**PROMPT:**
The material below includes pictures; leave them out and return only the lines between the line containing "La pala de pádel" and the line containing "西南证券:水井坊(60077", inclusive, word for word.

**EXTRACTED DATA:**
= = = =
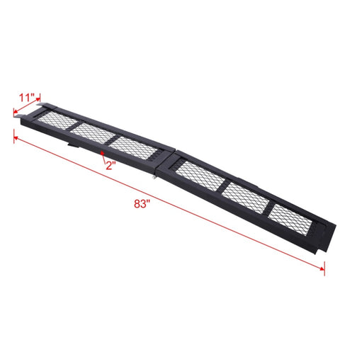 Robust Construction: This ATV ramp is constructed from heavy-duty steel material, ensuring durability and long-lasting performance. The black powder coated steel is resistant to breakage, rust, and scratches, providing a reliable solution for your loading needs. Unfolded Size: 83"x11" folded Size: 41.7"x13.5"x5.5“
= = = =
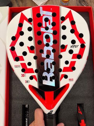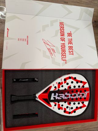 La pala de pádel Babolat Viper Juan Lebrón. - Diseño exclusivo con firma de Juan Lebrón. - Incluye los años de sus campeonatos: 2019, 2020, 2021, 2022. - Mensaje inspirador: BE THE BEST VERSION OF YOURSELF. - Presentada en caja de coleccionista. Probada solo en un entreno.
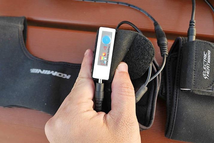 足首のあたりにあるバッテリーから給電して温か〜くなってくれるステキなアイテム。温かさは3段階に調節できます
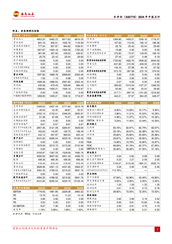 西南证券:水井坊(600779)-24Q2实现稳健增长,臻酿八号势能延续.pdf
= = = =
**RESPONSE FOR THIS EXERCISE:**
 La pala de pádel Babolat Viper Juan Lebrón. - Diseño exclusivo con firma de Juan Lebrón. - Incluye los años de sus campeonatos: 2019, 2020, 2021, 2022. - Mensaje inspirador: BE THE BEST VERSION OF YOURSELF. - Presentada en caja de coleccionista. Probada solo en un entreno.
 足首のあたりにあるバッテリーから給電して温か〜くなってくれるステキなアイテム。温かさは3段階に調節できます
 西南证券:水井坊(600779)-24Q2实现稳健增长,臻酿八号势能延续.pdf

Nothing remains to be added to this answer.